"Hai boy, kau sudah bangun?" tanya Adisti begitu lembut.
Mata Jefrey sampai tak mampu berkedip sama sekali.
"Mommy," lirih Jefrey dengan mata berkaca-kaca.
Adisti seketika terperangah. Mengapa anak ini tiba-tiba memanggilnya 'mommy'?
"Aunty bukan Mommy-mu, Sayang. Kamu pasti merindukan Mommy, ya?"
Dengan mata berkaca-kaca, Jefrey mengangguk.
Adisti senang akhirnya Jefrey sadarkan diri. Sebenarnya Jefrey tidak mengalami luka fisik apapun di tubuhnya. Tapi menurut pemeriksaan dokter, Jefrey memiliki kondisi fisik yang kurang baik. Dokter bisa mengidentifikasi kalau Jefrey memiliki kelainan di dalam tubuhnya. Entah penyakit apa itu, dokter belum bisa memberikan kesimpulan sebelum melakukan pemeriksaan secara menyeluruh.
Namun berhubung Adisti bukanlah wali sah dari Jefrey jadi dokter tidak bisa melakukan pemeriksaan menyeluruh. Mungkin setelah orang tua atau wali sah Jefrey datang dan memberikan persetujuan, barulah mereka bisa melakukan pemeriksaan secara menyeluruh.
"Kalau begitu, bisa kamu beritahu, siapa mommy mu? Oh iya, perkenalkan, nama aunty Adisti. Nama kamu siapa?"
"Jefrey," jawab Jefrey singkat.
"Oh, Jefrey.
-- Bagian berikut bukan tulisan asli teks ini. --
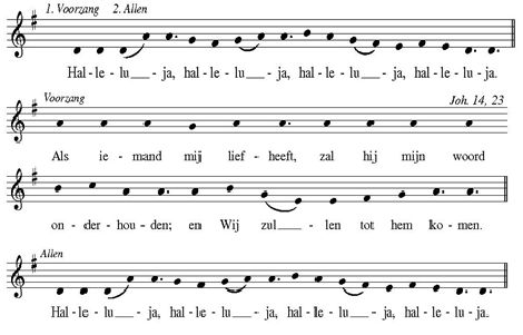 Ik gebruik hierbij ook veel het Alleluiarium van Jan Bohmer, bijna voor iedere zondag een aparte tekst, met soms meestemmige Allelua's.
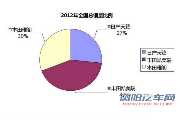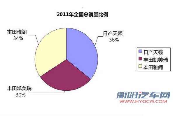 前文我们已经说过,B级车的销量相对较大,所以天籁面对的竞争对手也很多,其中最主要的就是另外两家日本企业——本田和丰田。
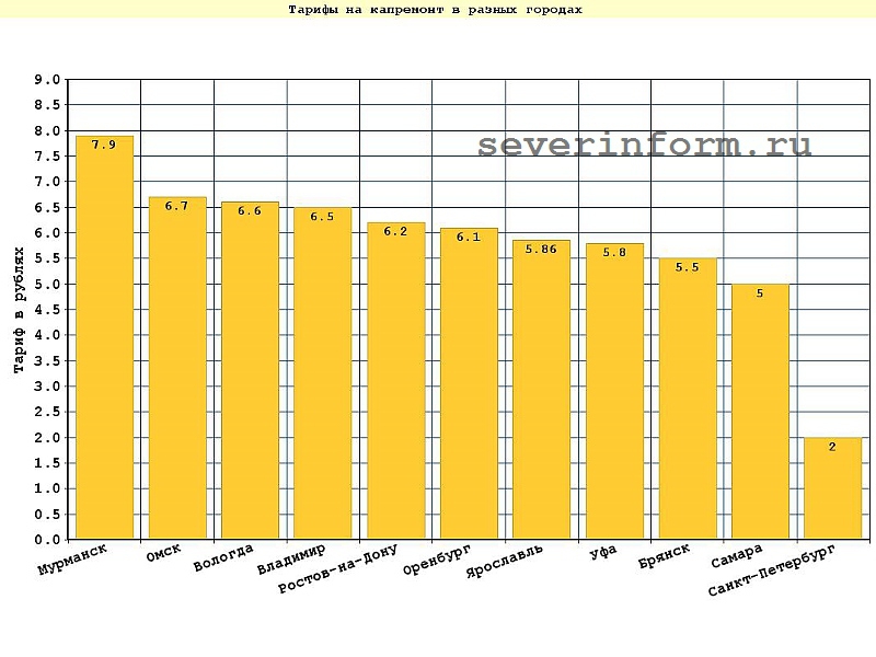 Проблема в том, что тариф сделали единым для жителей всего региона - вне зависимости от состояния дома, этажности, использованных при строительстве материалов и прочего. Тогда, как в других регионах сумма тарифа дифференцируется. Например, в Оренбурге для домов до трех этажей включительно тариф на капремонт установлен в размере 3,9 рубля. А для жителей домов с большей этажностью: 4,85 рубля и 6,1 рубля за четыре-пять и более шести этажей соответственно. В Мурманской области предполагаемые тарифы для разных домов также не одинаковы: от 3-х рублей до 7,9 рубля.
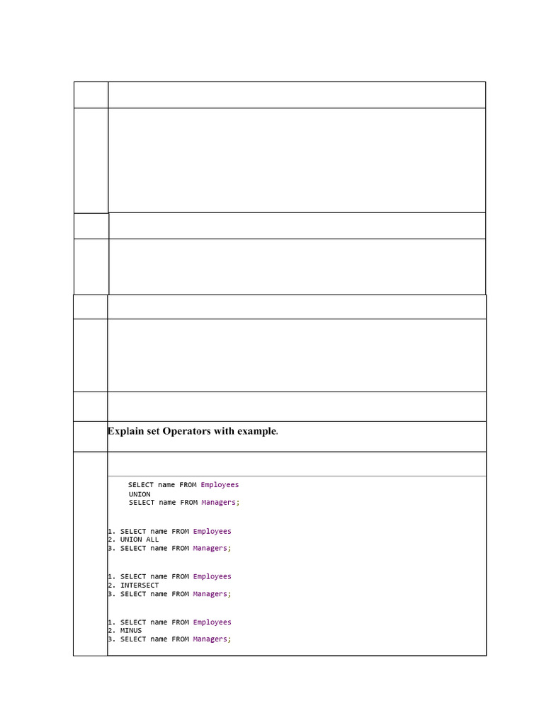 Ans. 1.Union: Combines results from two SELECT queries, removing duplicates.

Boleh aunty tahu, dimana mommy?"
Jefrey menggeleng, "mommy pergi dengan aunty Lynda."
"Jefrey tahu kemana?"
Jefrey menggeleng.
"Jefrey tahu nomor telepon mommy? Biar aunty bisa telepon untuk jemput Jefrey?"
"No, Jef tidak mau sama mommy," ujarnya dengan tatapan sendu membuat dahi Adisti berkerut.
"Kenapa? Nanti mommy Jefrey cari Jefrey. Mommy pasti khawatir kalau tahu Jefrey menghilang seperti ini."
Jefrey menggeleng, "mommy tidak mungkin cari Jefrey."
Dahi Adisti kian berkerut mendengar penuturan itu, "memangnya kenapa bisa begitu?"
"Mommy tidak sayang Jefrey."
Adisti terperangah. Mana mungkin ada seorang ibu yang tidak menyayangi anaknya, pikirnya.
__ADS_1
"Jefrey pasti salah. Mana mungkin mommy tidak sayang Jefrey."
"Tapi mommy sendiri yang bilang. Mommy hanya terpaksa menikah dengan daddy atas permintaan grandpa. Grandpa butuh pewaris jadi meminta mommy nikah sama daddy. Kalau mommy nolak, maka grandpa tidak mau kasi mommy uang lagi," ujarnya sendu.
Mata Adisti terbelalak. Bagaimana mungkin ada seorang ibu yang seperti itu, pikirnya.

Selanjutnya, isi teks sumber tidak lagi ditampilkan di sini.